The passage of Oregon Measure 70 demonstrates that voters are still vulnerable  those would play on their fears and opt for vengeance rather than restoration without considering their high costs in the present and their guarantee of a greater problem with crime in the future.

MandMinsWILL THE fiscal collapse that has laid bare gross inequalities in the US economic system lead to meaningful reforms toward a more just society? One answer is suggested by the bursting of what might be called the “other housing bubble,’’ for these two years have also brought to crisis the three-decade-long frenzy of mass imprisonment. If there was a bailout for bankers, can there be one for inmates?

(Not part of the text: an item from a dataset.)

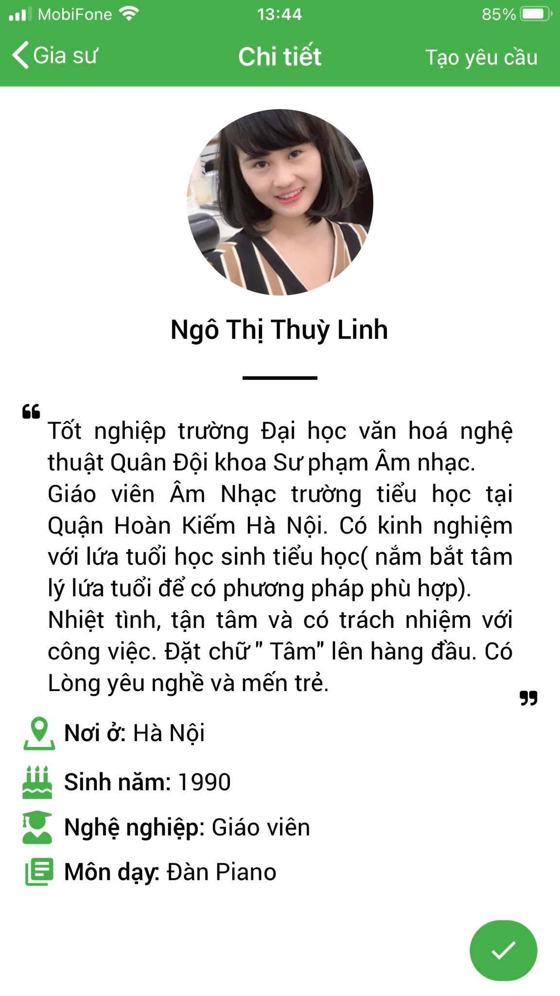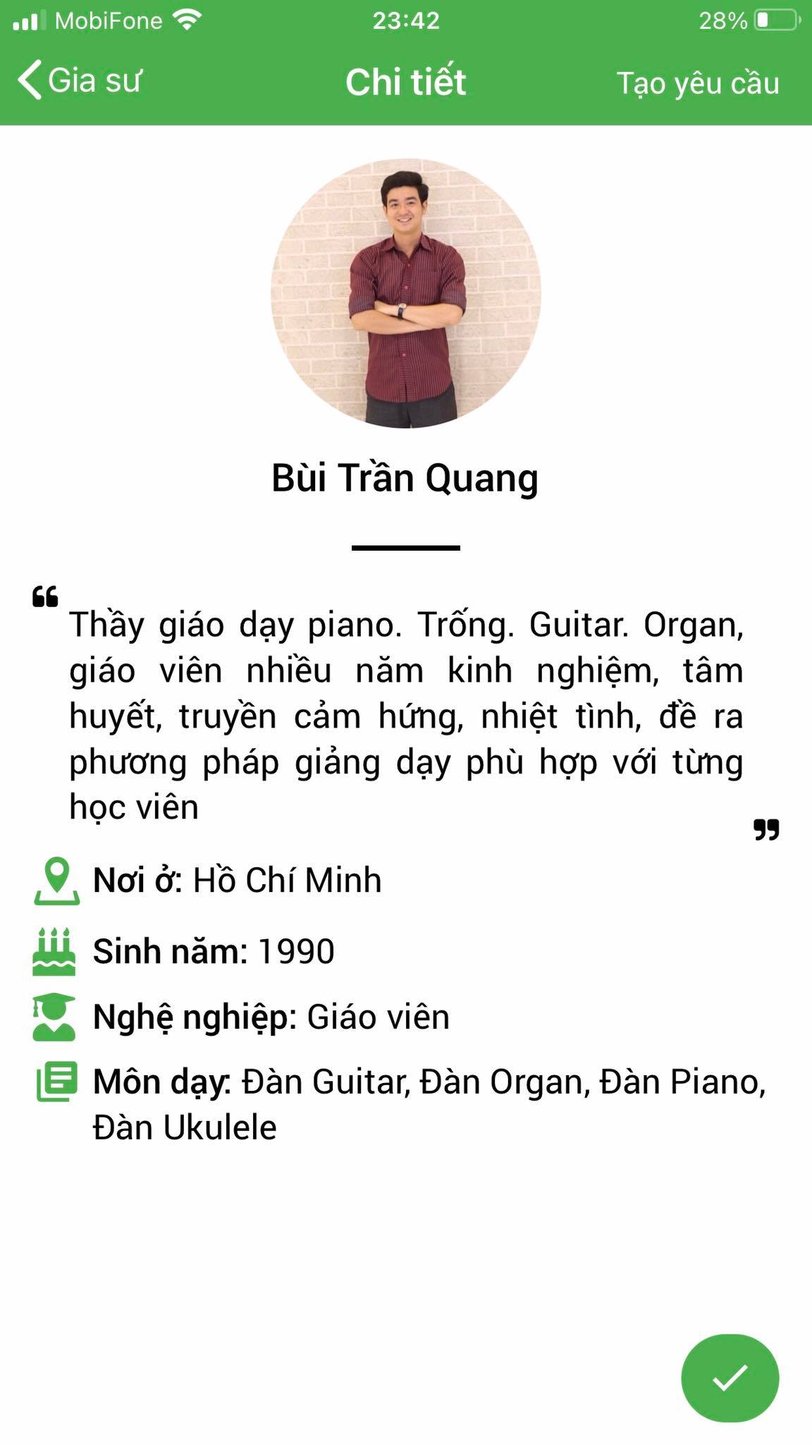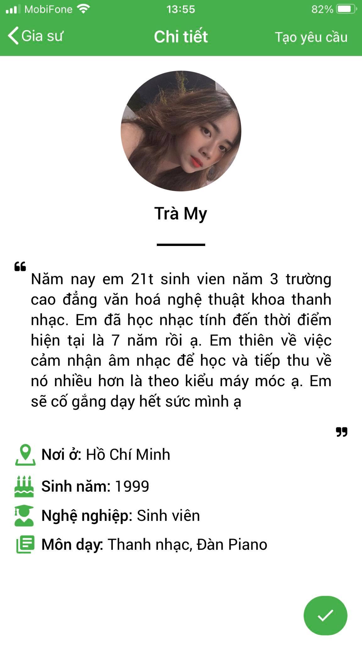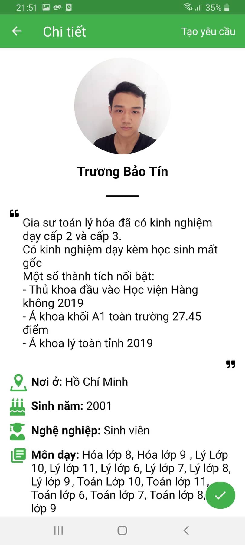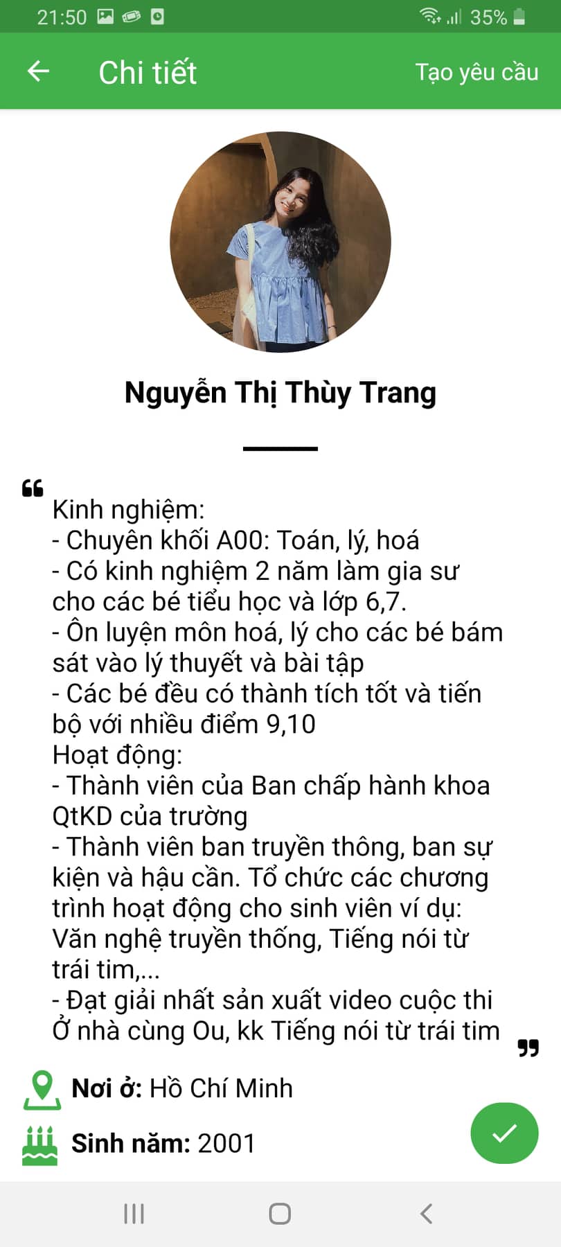 Bằng những thao tác đơn giản và thuận tiện, các học viên sẽ tìm cho mình gia sư phù hợp bằng nhiều tiêu chí khác nhau, dễ dàng tra cứu thông tin gia sư và nội dung lớp học; đồng thời có thể gửi yêu cầu học thử 02 buổi với gia sư mà mình chọn, nếu không phù hợp thì học viên sẽ được tư vấn kỹ hơn và tiếp tục chọn gia sư đến khi nào phù hợp mới thôi.

It is commonly observed now that, beginning about 1981, during the Reagan administration, the wealth of a tiny percentage of top-tier earners sky-rocketed, while the wages of the vast majority of Americans went flat. A rapid escalation in the illusory value of homeownership soon followed. But an unseen boom began then, too — in American rates of incarceration, the housing bubble in prisons. A recent issue of Daedalus, the journal of the American Academy of Arts and Sciences, lays it out. In 1975, there were fewer than 400,000 people locked up in the United States. By 2000, that had grown to 2 million, and by this year to nearly 2.5 million. As the social scientist Glenn C. Loury points out, with 5 percent of the world’s population, the United States imprisons 25 percent of all humans behind bars. This effectively created a vibrant shadow economy: American spending on the criminal justice system went from $33 billion in 1980 to $216 billion in 2010 — an increase of 660 percent. Criminal justice is the third largest employer in the country.

But while prisons boomed, something else was happening — a trade-off. As sociologist Loic Wacquant says, the government was simultaneously slashing funds for public housing. In the 1990s, as federal corrections budgets increased by $19 billion, money for housing was cut by $17 billion, “effectively making the construction of prisons the nation’s main housing program for the poor.’’ State budgets took their cues from Washington in a new but unspoken national consensus: poverty itself was criminalized. Although “law and order’’ was taken to be a Republican mantra, this phenomenon was fully bipartisan, as Wacquant shows, with the most ferocious growth in the incarceration of poor people occurring in the Clinton years. “Welfare as we know it’’ was replaced by punishment. States went prison-crazy.

But the current fiscal crisis has blown a hole through all that razor-wire. State budgets suddenly cannot afford prison systems, which universally choke off funds for education, transportation, and infrastructure… [emphasis added]

Inserted from <Boston Globe>

When we take money from education, housing, and infrastructure to pay for runaway incarceration, we are less safe than before, because the help needed to give poor youth a stake in their communities is will not be there, and because of that lack, even more will turn to crime.

I grant you that there are some prisoners who can never be released safely, bit based on what they have done, but based on their unwillingness to change.  Fortunately, they are few in number.  On the other hand there are prisoners like the ones we work with in the 7th Step Club at Oregon State Penitentiary.  They work tirelessly to understand the choices they made that led them into into crime, reform the defects in their thinking that enabled those choices, and develop intervention strategies to prevent recurrence, so they can return to their communities as productive citizens.  We are proud to support their efforts.

Sentencing and release policies that do not take into account such individual differences waste money that could be used far more effectively to prevent crime in the first place and to help former prisoners transition.